*** EXERCISE INPUTS

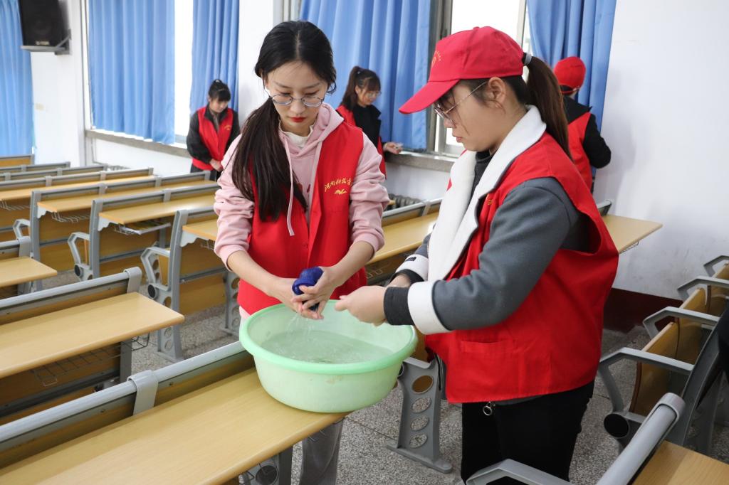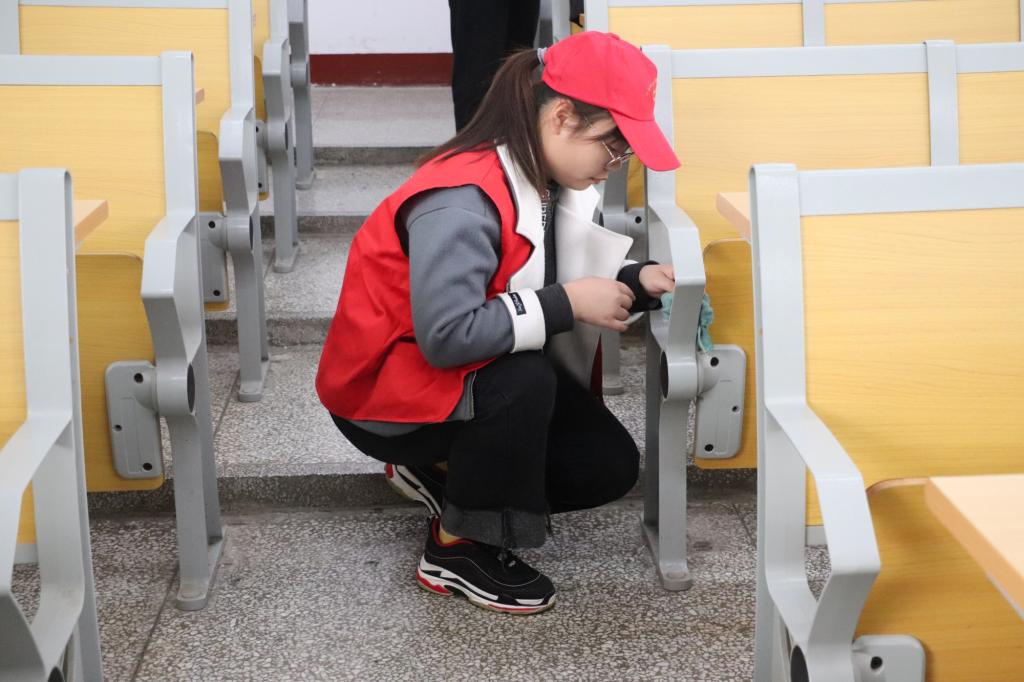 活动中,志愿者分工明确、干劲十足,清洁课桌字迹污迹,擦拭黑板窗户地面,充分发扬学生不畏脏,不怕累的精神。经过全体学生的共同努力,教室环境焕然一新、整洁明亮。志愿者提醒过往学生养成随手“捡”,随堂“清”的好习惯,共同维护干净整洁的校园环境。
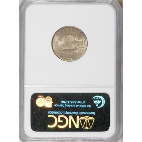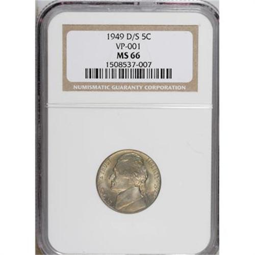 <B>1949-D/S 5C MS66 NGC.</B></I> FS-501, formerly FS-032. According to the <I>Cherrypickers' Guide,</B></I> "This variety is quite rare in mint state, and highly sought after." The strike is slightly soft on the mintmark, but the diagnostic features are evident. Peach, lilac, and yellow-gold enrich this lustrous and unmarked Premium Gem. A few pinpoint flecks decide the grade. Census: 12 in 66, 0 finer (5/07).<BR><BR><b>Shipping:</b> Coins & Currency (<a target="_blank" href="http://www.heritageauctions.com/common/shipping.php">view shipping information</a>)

******
*** EXERCISE INPUTS

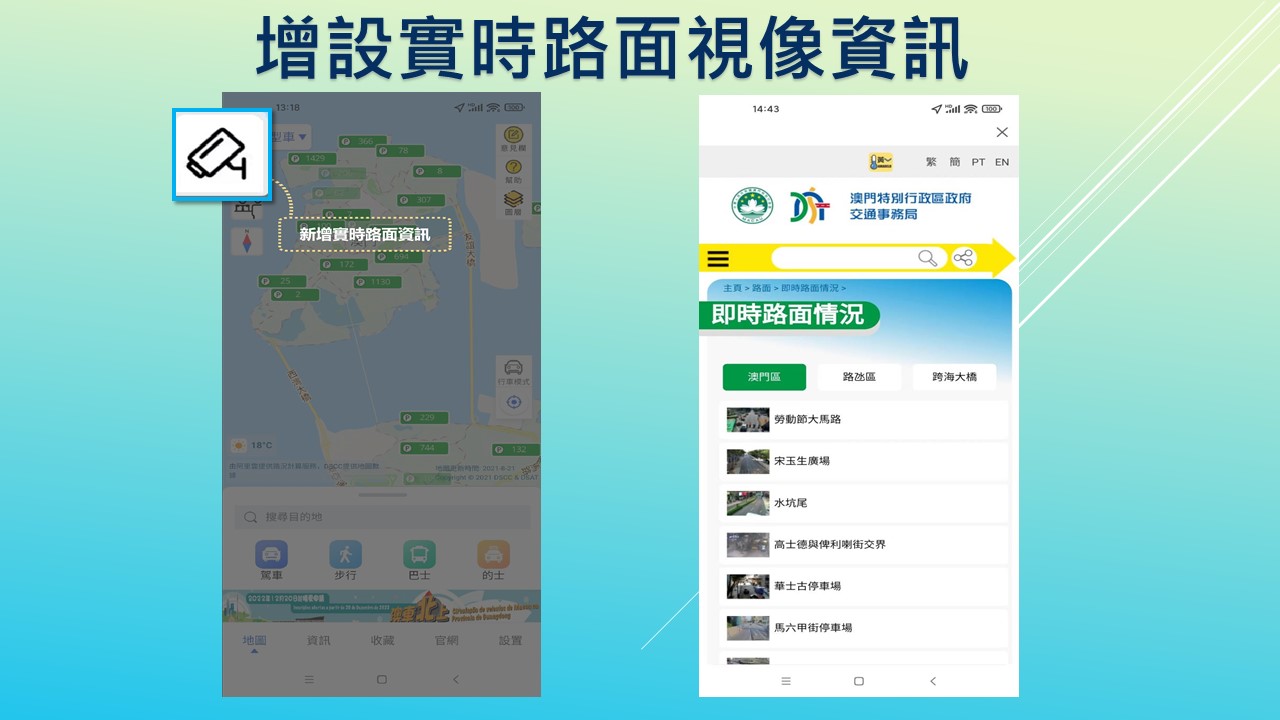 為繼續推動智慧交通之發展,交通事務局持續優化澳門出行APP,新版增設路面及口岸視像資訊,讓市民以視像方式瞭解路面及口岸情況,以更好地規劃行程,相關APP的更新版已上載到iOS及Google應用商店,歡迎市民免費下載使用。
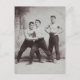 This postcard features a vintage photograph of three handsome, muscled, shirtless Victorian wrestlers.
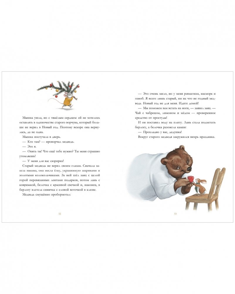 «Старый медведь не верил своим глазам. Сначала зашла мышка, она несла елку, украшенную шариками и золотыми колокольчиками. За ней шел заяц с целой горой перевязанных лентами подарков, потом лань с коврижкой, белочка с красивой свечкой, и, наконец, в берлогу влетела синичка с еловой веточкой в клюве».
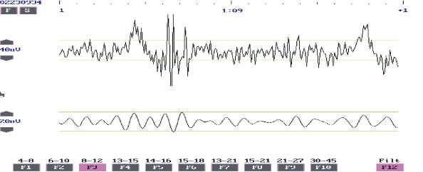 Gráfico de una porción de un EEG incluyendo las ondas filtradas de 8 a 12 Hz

******
*** EXERCISE INPUTS

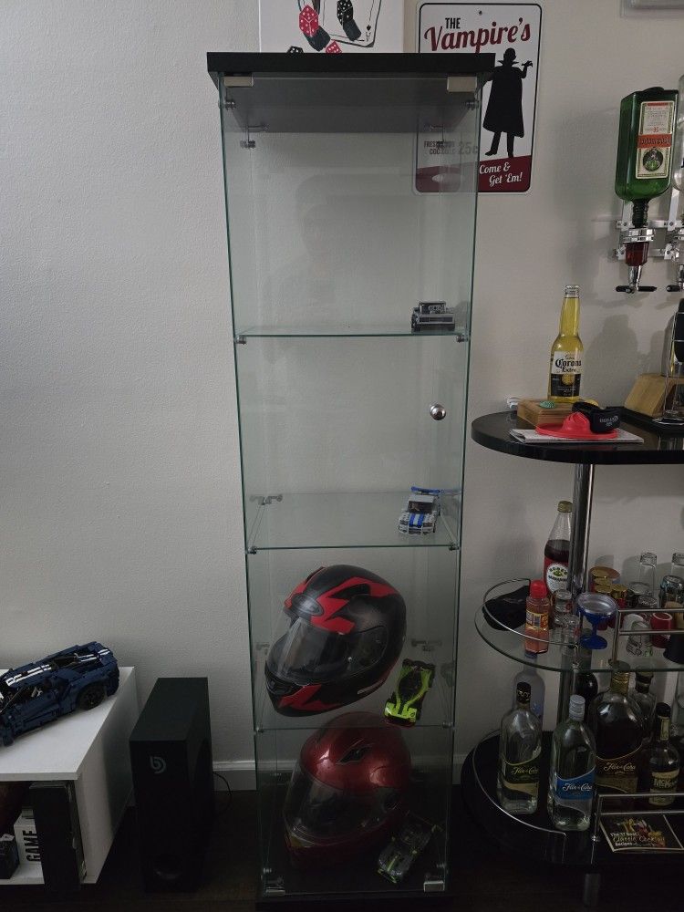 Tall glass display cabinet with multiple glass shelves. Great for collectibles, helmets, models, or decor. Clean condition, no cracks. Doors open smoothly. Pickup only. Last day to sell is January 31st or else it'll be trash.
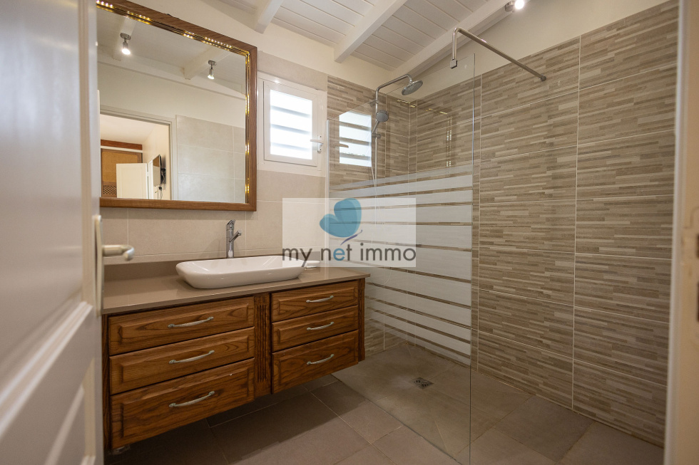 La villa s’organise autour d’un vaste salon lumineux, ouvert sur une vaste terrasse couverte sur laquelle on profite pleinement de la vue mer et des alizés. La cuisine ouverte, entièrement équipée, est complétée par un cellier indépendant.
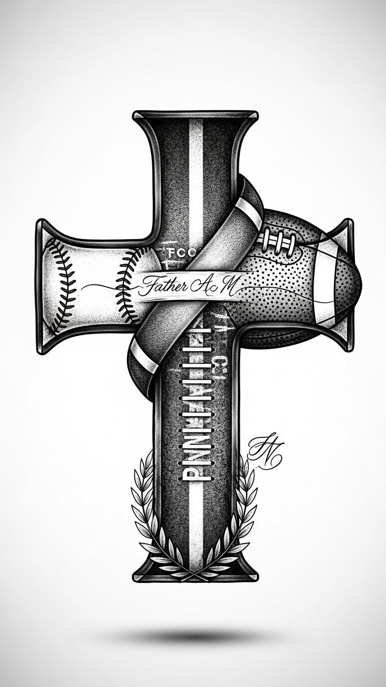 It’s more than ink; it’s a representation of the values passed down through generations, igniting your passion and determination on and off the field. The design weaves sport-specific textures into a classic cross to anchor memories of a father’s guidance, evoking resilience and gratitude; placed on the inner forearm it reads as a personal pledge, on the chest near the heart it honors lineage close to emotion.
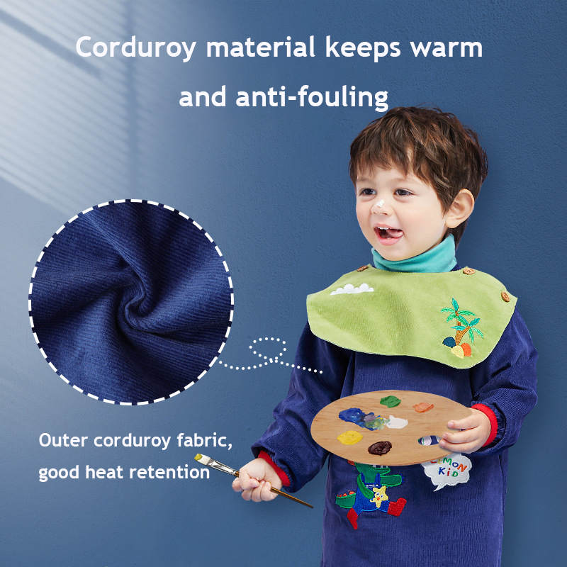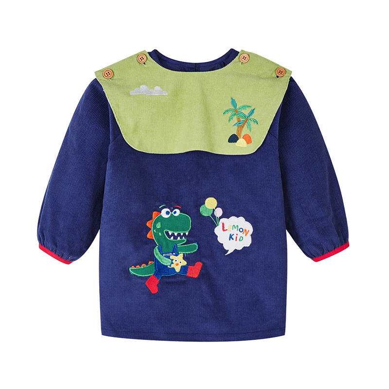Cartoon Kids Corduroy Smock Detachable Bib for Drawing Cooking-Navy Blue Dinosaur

******

**ASSIGNED TASK:**
Above, find the line holding "為繼續推動智慧交通之發展,交" and the line holding "This postcard features". Print exactly those two lines and every line between them, but no pictures.

**ANSWER BELOW:**
 為繼續推動智慧交通之發展,交通事務局持續優化澳門出行APP,新版增設路面及口岸視像資訊,讓市民以視像方式瞭解路面及口岸情況,以更好地規劃行程,相關APP的更新版已上載到iOS及Google應用商店,歡迎市民免費下載使用。
 This postcard features a vintage photograph of three handsome, muscled, shirtless Victorian wrestlers.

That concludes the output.